Pensioner had mother-in-law cremated in ‘secret’ funeral
A PENSIONER secretly cremated his mother-in-law without telling his estranged wife, a court heard.
Ian Culley, 75, claimed it was Ilva Glazier’s last wish that hardly any of her family, including her daughter Sonia, were to know about her death.
He signed forms for funeral directors that stated all Mrs Glazier’s relatives and executors had been informed of the impending cremation, which enabled it to go ahead.
However, two of her daughters and her eight great-grandchildren had no idea she had been ill and only found out she had died some months after her remains were cremated.
When relatives complained to the authorities, Culley was charged with making a false representation with a view to procuring the burning of human remains under the Cremation Act 1902. The act was brought in to regulate cremations – until then they were illegal and only burials were permitted.
Offenders face jail terms of up to two years but Culley, who has prostate cancer and is profoundly deaf, was given a three-month suspended prison sentence after he pleaded guilty at Bournemouth Crown Court.
The court heard Culley had allowed his mother-in-law, Ilva Glazier, to stay at his home in Bournemouth during the last months of her life and when she became ill.
He had been married to her daughter Sonia for 30 years but the couple had spent most of that time separated.
The court heard that Culley had not benefited financially from the cremation and the judge said there was nothing untoward about Mrs Glazier’s death on May 8 last year. She had been cremated two days later.

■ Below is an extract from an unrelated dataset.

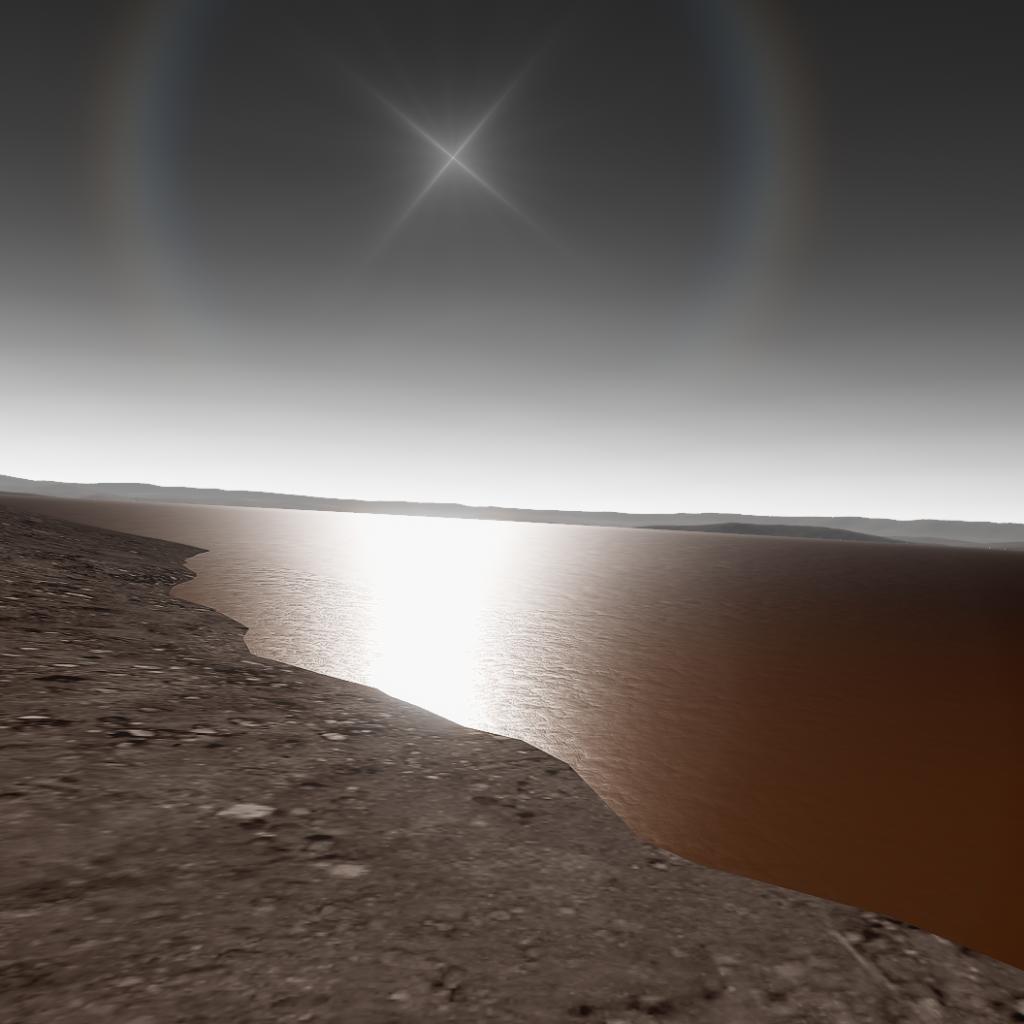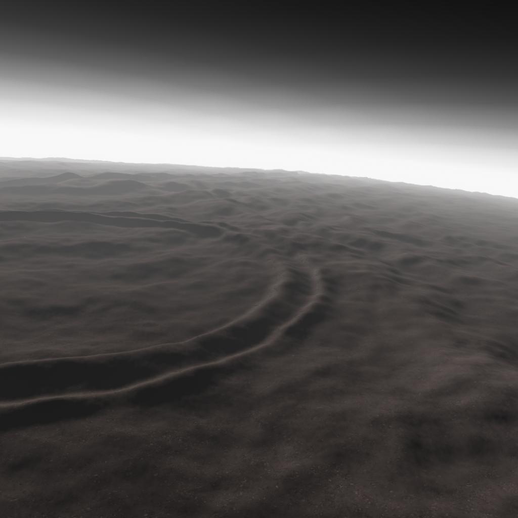 A moderatley sized scorched and barren rocky planet with cratered fields, volcanoes and ash plains with a thin atmosphere on top and some blood-red molten sulfur lakes.

Edward Elton, representing Culley, said: “He carried out Ilva Glazier’s wishes – he did what he thought was the right thing.” He added there were family difficulties and Mrs Glazier had not wanted the rest of her family to know about her death.
Prosecutions under the 1902 Cremation Act are extremely rare, although in May 2015 a mother was jailed for four months at Stoke Crown Court for forging her dead son’s cremation certificate to prevent the boy’s father from attending the funeral.